3.1. De Afdeling stelt vast dat het uitrijden van mest geen onderdeel van het aangevraagde project is, nu dit project uitsluitend betrekking heeft op de uitbreiding van de veehouderij met stallen voor rundvee. Voorts is het mogelijke uitrijden van mest op de bij de veehouderij behorende gronden of op gronden ergens anders, dan wel verwerking van de van de inrichting afkomstige mest op andere wijze in dit geval niet zodanig onlosmakelijk met het houden van vee verbonden, dat het als één project met het houden van vee moest worden aangevraagd. Hetgeen GNMF heeft aangevoerd geeft daarom geen grond voor het oordeel dat het college de vergunning voor het aangevraagde project had moeten weigeren.

Het betoog faalt.

Externe saldering

4. De rundveehouderij ligt in de omgeving van de Natura 2000-gebieden "Rijntakken", "Landgoederen Brummen", "Stelkampsveld" en "Borkeld". De instandhoudingsdoelstellingen van deze Natura 2000-gebieden hebben onder meer betrekking op voor verzuring gevoelige habitats en soorten die van die habitats afhankelijk zijn. Blijkens het bestreden besluit heeft het college de gevolgen van de ammoniakemissie van de rundveehouderij, na de uitbreiding daarvan, beoordeeld. Volgens het bestreden besluit leidt de rundveehouderij in de beoogde situatie tot een toename van stikstofdepositie ten opzichte van de uitgangssituatie. Gelet hierop kan niet op grond van objectieve gegevens worden uitgesloten dat de veehouderij in de beoogde situatie afzonderlijk of in combinatie met andere projecten of plannen significante gevolgen kan hebben voor de betrokken gebieden. Aan de vergunning is een passende beoordeling als bedoeld in artikel 19f, van de Nbw 1998 ten grondslag gelegd, in de vorm van salderingsberekeningen. Die salderingsberekeningen zijn als bijlagen 2 en 3 aan het bestreden besluit gehecht. In het bestreden besluit wordt geconcludeerd dat de vergunning kan worden verleend aangezien de toename van stikstofdepositie op de betrokken Natura 2000-gebieden als gevolg van de rundveehouderij in de beoogde situatie teniet wordt gedaan door de afname van stikstofdepositie die het gevolg is van de, al dan niet gedeeltelijke, beëindiging van agrarische bedrijven aan de Dennendijk 7 te Warnsveld en ‘t Heegken 5 te Vorden.

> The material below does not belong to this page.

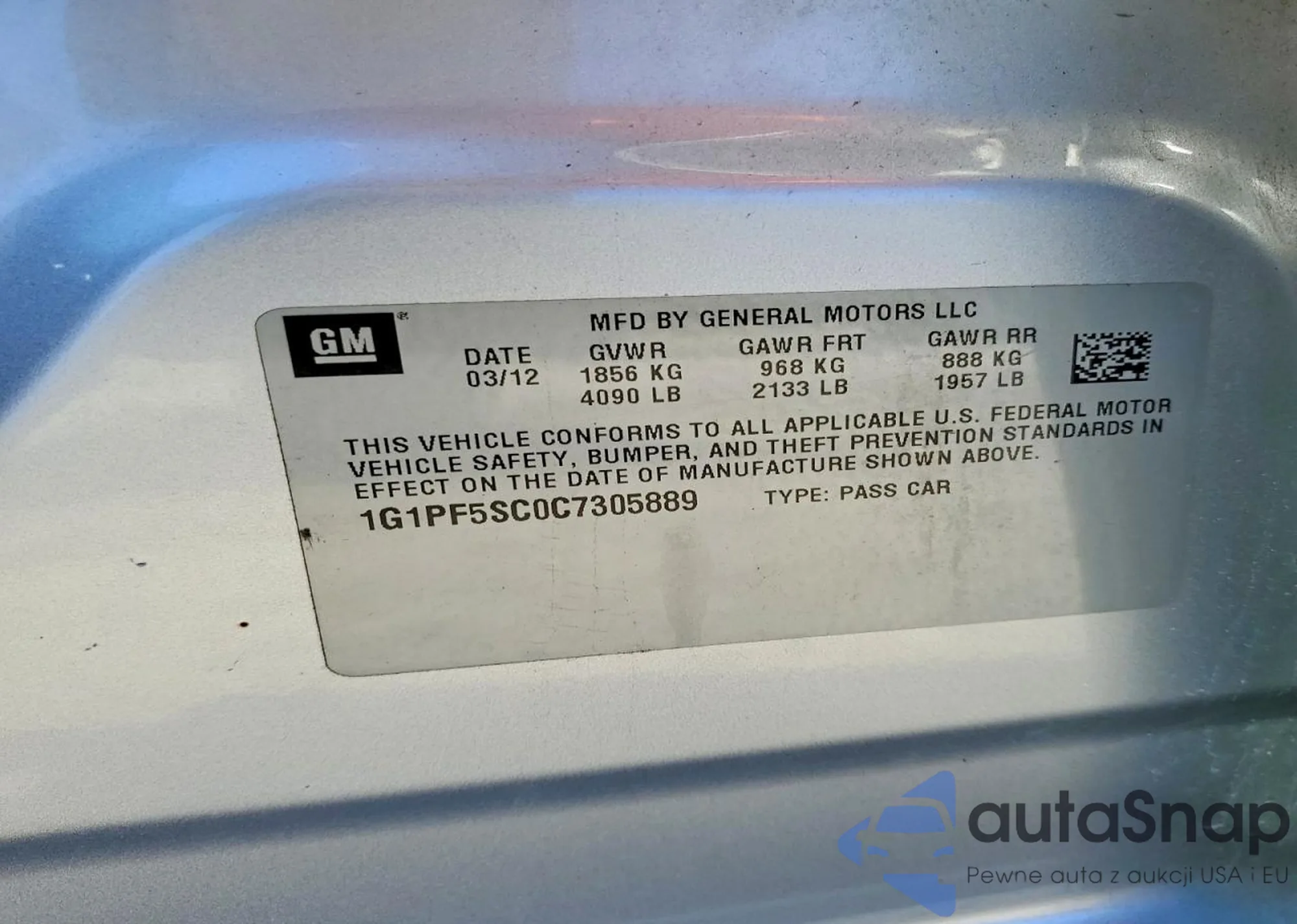 LOT: 73459675 VIN: 1G1PF5SC0C7305889

5. SLBG en anderen betogen dat niet is voldaan aan het aan de toepassing van externe saldering gestelde vereiste van directe samenhang tussen de intrekking van de milieuvergunningen van de saldogevende bedrijven en de verlening van de Nbw-vergunning aan het saldo-ontvangende bedrijf. In dit verband voeren zij allereerst aan dat de milieuvergunning van het saldogevende bedrijf Dennendijk 7 te Warnsveld niet is ingetrokken. Voorts betogen SLBG en anderen dat niet is onderzocht of de beide saldogevende bedrijven feitelijk nog aanwezig waren ten tijde van het besluit tot intrekking van de milieuvergunningen of het sluiten van de overeenkomst tussen de saldogevende bedrijven en het saldo-ontvangende bedrijf over de overname van ammoniakemissie van de in te trekken milieuvergunningen. Daarnaast voeren SLBG en anderen aan dat bij de Aagro-Stacksberekeningen die aan de passende beoordeling ten grondslag zijn gelegd is gerekend met verschillende ruwheidslengtes en daarbij niet is onderbouwd waarom met de desbetreffende ruwheidslengtes is gerekend. Omdat die ruwheidslengtes zeer relevant zijn voor de berekeningen had dat wel gemoeten, aldus SLBG.

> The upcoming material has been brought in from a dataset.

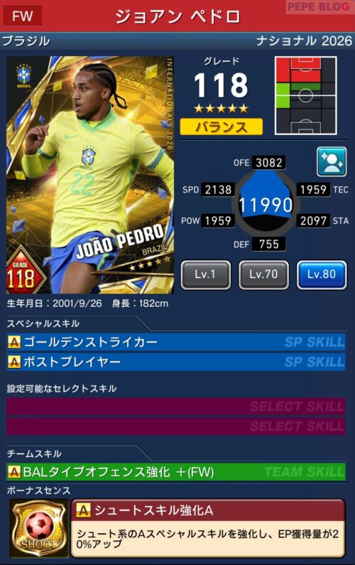 - 2.12 FW:☆5 グレード118 ジョアン ペドロ

GNMF betoogt dat met de toegepaste externe saldering niet de zekerheid is verkregen dat de stikstofdepositie op omliggende Natura 2000-gebieden niet toeneemt. Voorts betoogt GNMF dat het Aagro-Stacksmodel dat ten grondslag ligt aan de Aagro-Stacksberekeningen die ten behoeve van de passende beoordeling zijn gemaakt een onzekerheidsmarge van 70% kent.

5.1. Het college stelt zich op het standpunt dat is voldaan aan het voor externe saldering vereiste van directe samenhang tussen de intrekking van de milieuvergunningen van de saldogevende bedrijven en verlening van de Nbw-vergunning. Wat betreft het betoog van SLBG en anderen dat niet is onderzocht of beide saldogevende bedrijven ten tijde van de intrekking van de milieuvergunningen, of tot het moment waarop de overeenkomsten over de overname van ammoniakemissie werden gesloten, nog feitelijk aanwezig waren, stelt het college zich op het standpunt dat niet van belang is of op die momenten nog vee in de inrichting werd gehouden, maar uitsluitend dat toen nog milieurechtelijke toestemming bestond en de bedrijven hun exploitatie konden voortzetten, wat volgens het college het geval is. Voorts stelt het college dat uit uitgevoerde bezichtigingen blijkt dat de saldogevende bedrijven nog functionerende inrichtingen zijn.

5.2. Zoals de Afdeling eerder heeft overwogen in de uitspraak van 13 november 2013, ECLI:NL:RVS:2013:1931, is externe saldering in beginsel mogelijk met een milieuvergunning die is verleend voor de referentiedatum en die na die datum is ingetrokken. SLBG en anderen wijzen er terecht op dat externe saldering slechts mogelijk is als er een directe samenhang bestaat tussen de intrekking van de milieuvergunning en de verlening van de Nbw-vergunning. Die directe samenhang wordt aangenomen als de vergunning voor het saldogevende bedrijf daadwerkelijk is of zal worden ingetrokken ten behoeve van de uitbreiding van het saldo-ontvangende bedrijf. Dit kan blijken uit het intrekkingsbesluit of uit een overeenkomst tussen het saldogevende en saldo-ontvangende bedrijf over de overname van ammoniakemissie van de in te trekken milieuvergunning. Verder moet vaststaan dat de bedrijfsvoering van het saldogevende bedrijf daadwerkelijk is of wordt beëindigd.

Hoewel niet relevant is of tot het moment van intrekking van de vergunning, of tot het moment waarop de overeenkomst van de overname van de ammoniakemissie wordt gesloten, nog vee aanwezig was op het bedrijf, is wel relevant of het bedrijf op dat moment feitelijk nog aanwezig was (uitspraken van 29 juni 2011, ECLI:NL:RVS:2011:BQ9630 en 14 augustus 2013, ECLI:NL:RVS:2013:714). Dat is het geval als hervatting van het bedrijf mogelijk is zonder dat daarvoor een vergunning op grond van artikel 19d, eerste lid, van de Nbw 1998 voor de realisering van een project, is vereist. Deze voorwaarden zijn gesteld om het mitigerende karakter van externe saldering te waarborgen.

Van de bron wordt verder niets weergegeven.